Work required
Please copy the listing that follows exactly, leaving out any pictures.

Information supplied
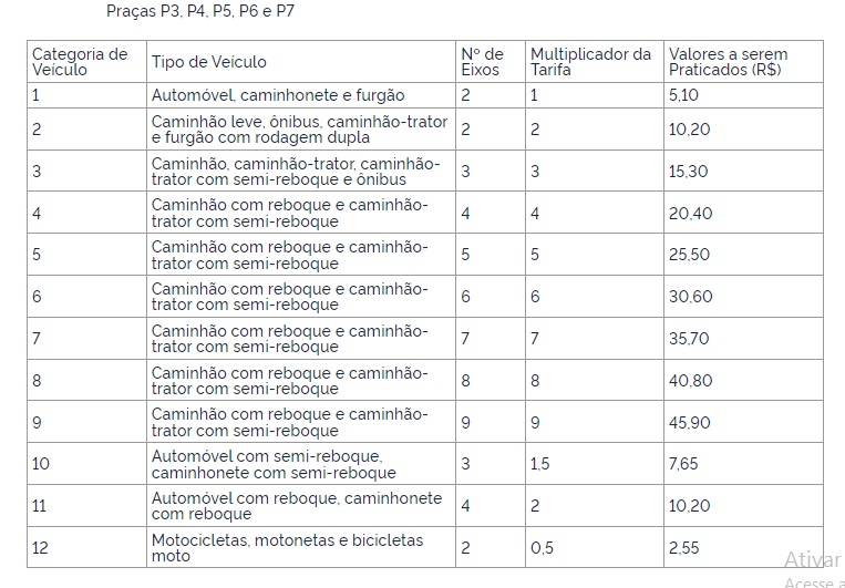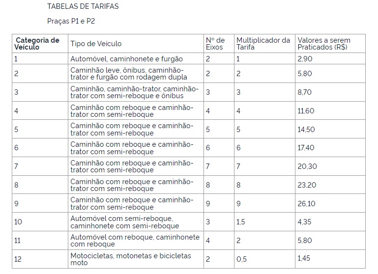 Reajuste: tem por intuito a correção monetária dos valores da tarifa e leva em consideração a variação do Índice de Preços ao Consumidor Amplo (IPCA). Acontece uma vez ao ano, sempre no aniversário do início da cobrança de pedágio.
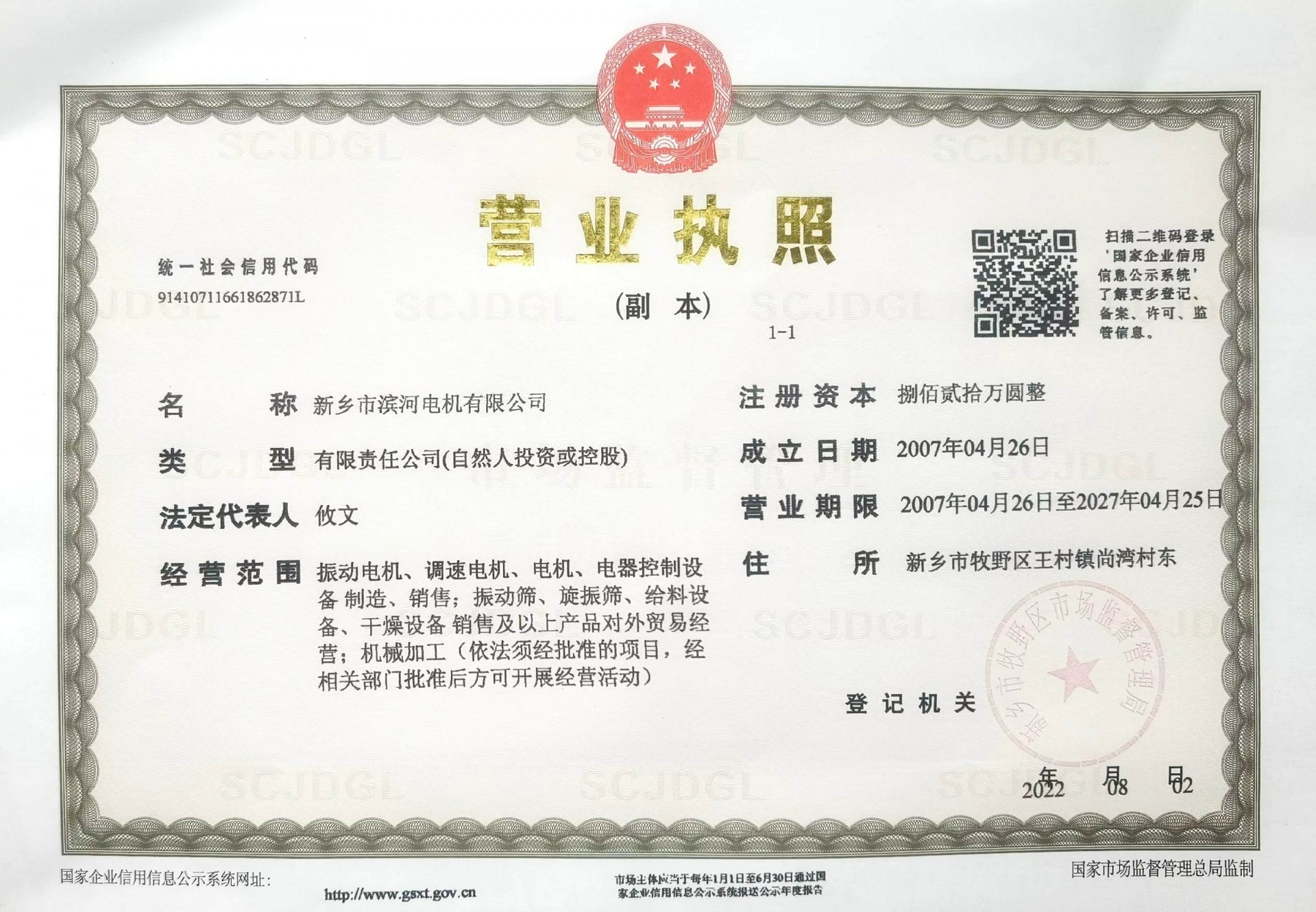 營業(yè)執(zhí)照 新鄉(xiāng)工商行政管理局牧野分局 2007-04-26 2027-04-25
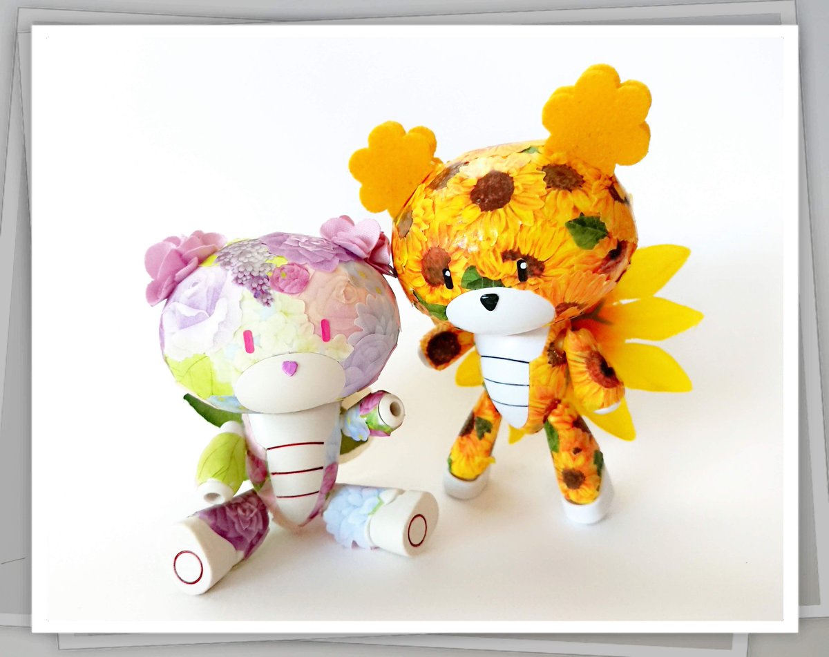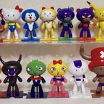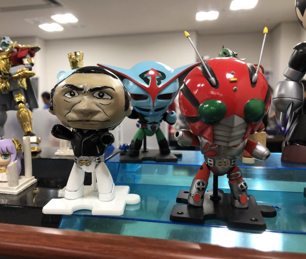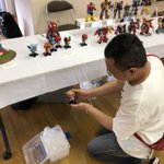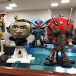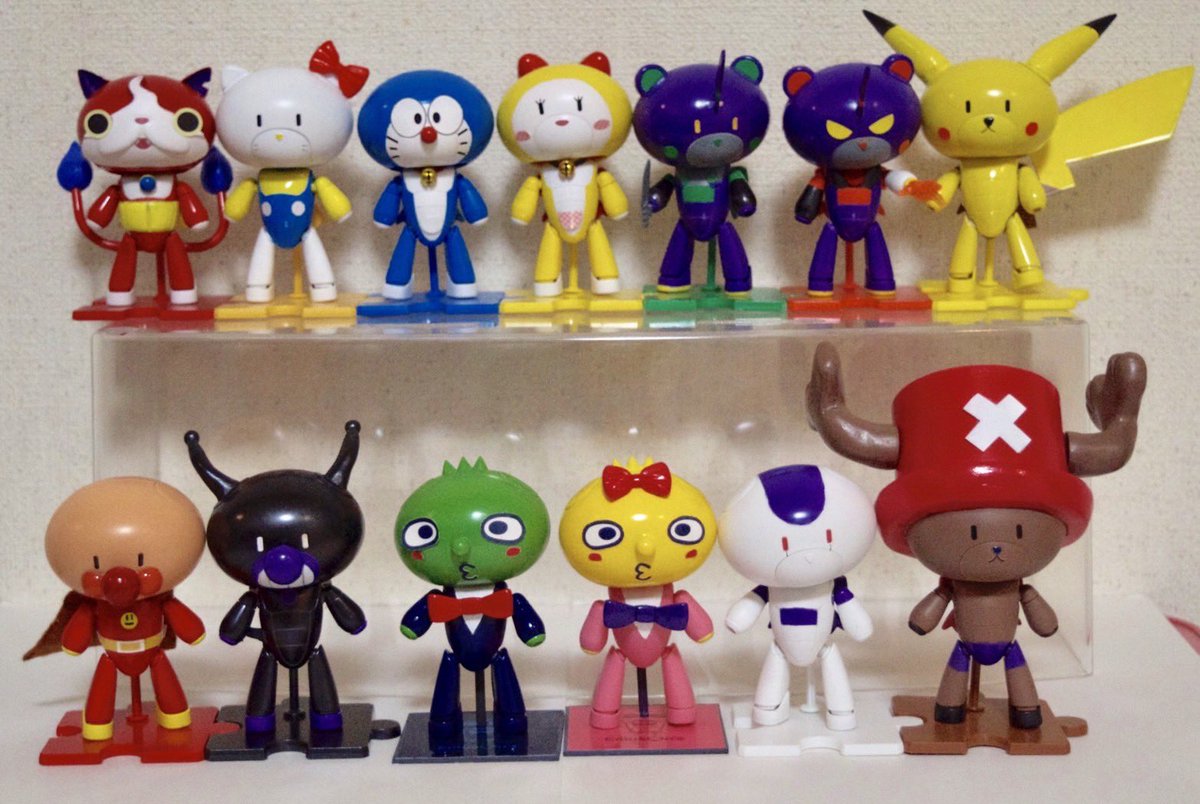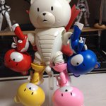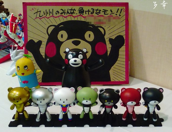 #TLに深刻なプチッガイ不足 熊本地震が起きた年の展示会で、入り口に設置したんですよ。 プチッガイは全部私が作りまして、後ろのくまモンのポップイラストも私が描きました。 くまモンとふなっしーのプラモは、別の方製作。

Exercise response
 Reajuste: tem por intuito a correção monetária dos valores da tarifa e leva em consideração a variação do Índice de Preços ao Consumidor Amplo (IPCA). Acontece uma vez ao ano, sempre no aniversário do início da cobrança de pedágio.
 營業(yè)執(zhí)照 新鄉(xiāng)工商行政管理局牧野分局 2007-04-26 2027-04-25
 #TLに深刻なプチッガイ不足 熊本地震が起きた年の展示会で、入り口に設置したんですよ。 プチッガイは全部私が作りまして、後ろのくまモンのポップイラストも私が描きました。 くまモンとふなっしーのプラモは、別の方製作。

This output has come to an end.